Захотело перевести дух, бедненькое. Какая жалость, — оно притомилось.
Хрен ему, — а не отдых… Не будет тебе отдыха, — никогда. Дерьмо. Пока ты не сдохнешь…
Но, вместе с изнеможением, внутреннее облегчение подкрадывалось ко мне. Тиски внутри разжимались… И появилась первая мысль: если не могу подохнуть, — так я тебя измордую, скотину… Потому что я, — ненавижу тебя!
Я. Ненавижу. Тебя.
Я желал усугубить это резко приятное чувство, — поэтому не останавливался… Бежал и бежал, бежал и бежал, — плохо понимая, что делаю и куда бегу. Только знал, — нужно бежать дальше. В этом — подлинный кайф. Самый настоящий.
И лишь когда увидел поросшую снизу травой, а вверху блестевшую рельсами железнодорожную насыпь, — только тогда упал.
Потому что силы наконец-то оставили меня…
3
Я, наверное, долго пролежал у подножья насыпи, прижимая щекой к земле сухую веточку и чувствуя, как трава легко щекочет меня. Я был пуст, пуст настолько, что казалось, меня выжали до последней капли, и теперь я — пустая тара, наподобие гнутой жестянки из-под пива.
Потому что ничего не случалось в моей жизни — страшнее той тоски, которая в лесу накатила на меня. Ничего…
Сейчас ее не стало.
Я просто лежал на земле, до меня долетал приятный запах какого-то креозота, которым всегда пропитывают шпалы, чтобы их не сожрали муравьи.
Хотелось есть…
Я бы съел чего-нибудь сейчас. На завтрак в диверсионной столовой давали большой кусок белого хлеба, на котором высился желтоватый квадратик сливочного масла.

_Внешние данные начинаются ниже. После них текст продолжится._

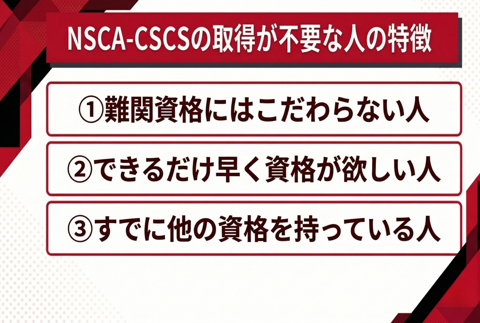 NSCA-CSCSの取得が不要な人の特徴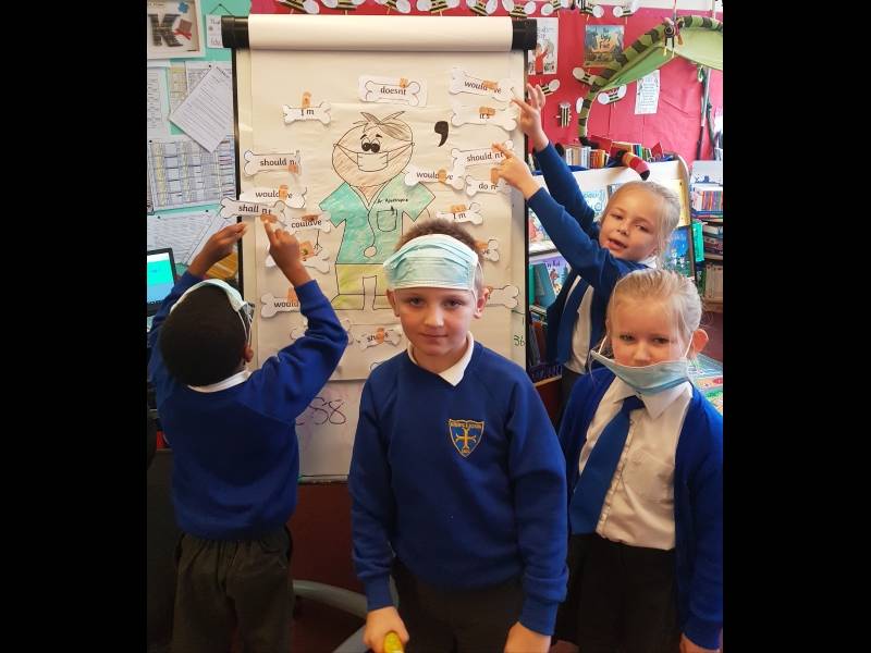 Class 3 performed some 'contraction surgery' during spelling lessons this week. Inkeeping with our topic for this half term 'Nurturing Nurses.

Он был только недавно извлечен из холодильника, потому что был твердым и плохо размазывался по хлебу. Нужно немного подождать, пока он не подтает, не приобретет мягкость, — это случается, как раз к тому времени, когда заканчиваешь с пшенной кашей, и пора переходить к чаю.
Вот тогда-то ручкой алюминиевой ложки развозишь масло по белому хлебу, так, чтобы вышел ровный чуть прозрачный желтоватый слой. И хорошо, если хлеб достанется с горбушкой, с пористой такой горбушкой, которую откусываешь вместе с маслом, жуешь, и запиваешь сладким чаем.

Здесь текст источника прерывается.